2018, Blog

Ohne Timeline leben

Gibt es ein Leben ohne soziale Netzwerke? Keine Nachrichten mehr von Bekannten und Freunden? Keine lustigen Katzenbilder? Kein Kontakt zum Internetbürger? Geht das? Klar.

Mitte diesen Jahres habe ich alle meine Konten in sozialen Netzwerken gelöscht. Facebook hatte ich eh nur knapp zwei Monate im letzten Jahr genutzt. Instagram etwas länger. Twitter richtig lange. Und verdammt. Das sparte bisher echt Zeit.

Erst dachte ich:

Ob ich damit umgehen kann?

Ich war eh nicht süchtig danach, aber Twitter war schon lustig. Instagram für den modernen Menschen so etwa wie die Entdeckung des Feuers.

Schau mal was ich alles schon angezündet habe!

Aber die Entscheidung war bewusst. Ich hatte einfach keine Lust mehr. Es war blanke Zeitverschwendung. Im Grunde fehlt jeder Mehrwert. Man ist ständig erreichbar. Erreichbarer als per Telefon. Und, wenn du eingeloggt bist, dann weiß jeder, dass du die Nachricht auch erhalten hast. Voll toll. Soziale Netzwerke sind Stress. Ich habe mich davon befreit. Als Geringnutzer. Und trotzdem nicht bereut. Wenn es mir täglich eine Stunde gebracht hat, dann war das ein Erfolg. Und die Stunde konnte ich anders nutzen. Und sollte es auch nur Schlafen sein.

Ein weiterer positiver Effekt: Weit weniger Konsum von aufgezwungener Werbung. Trotz Blockliste ging immer mal was durch. Besonders bei den Apps. Ich hatte darauf keine Lust mehr. Die meiste Werbung habe ich eh als unanständig markiert. Egal wofür.

Und die Kontakte? Klar, manche Kommunikation war lustig. Aber aus meiner Kontaktliste kannte ich 4 Twitterer und 4 Instagramer persönlich. Da waren aber noch je 500 andere Nutzer. Keine Ahnung. Mal hier, mal da ein kleiner Tweet-Plausch. Aber mehr auch nicht.

Und wie war das für den Blog? Immerhin habe ich meine Beiträge dort verteilt und Besucher angelockt. Naja. Keine Veränderung. Es ist alles beim Alten geblieben.
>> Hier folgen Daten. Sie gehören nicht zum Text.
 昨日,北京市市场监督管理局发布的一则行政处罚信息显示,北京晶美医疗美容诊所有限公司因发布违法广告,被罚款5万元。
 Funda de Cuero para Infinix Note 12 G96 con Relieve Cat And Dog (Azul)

Der eigene Kontaktkreis besteht eh aus Familie, Kollegen, Freunde und oft die Bekannten und Freunde, die man irgendwo und irgendwann zurückgelassen hat. Sporadische Kontakte meist. Mehr ist da nicht. Bei Niemandem. Selbst, wenn man tausende Follower oder virtuelle Freunde hat, so haben sie praktisch keinen Einfluss auf den Nutzer. Eher andersherum. Man bildet sich einen Einfluss ein und versucht für andere fremde Leute irgendetwas darzustellen. Das ist aber sinnlos. Als Privatperson eh. Als Influenzer, also beruflich, auch nur Show. Eine Show bis zum Burnout. Zeitverschwendung.

Würden alle Nutzer sozialer Netzwerke die gleiche Zeit für gute Taten aufwenden, die sie beim Scrollen und Füllen von Timelines verschwenden, wäre der Planet wahrscheinlich in einem besseren Zustand.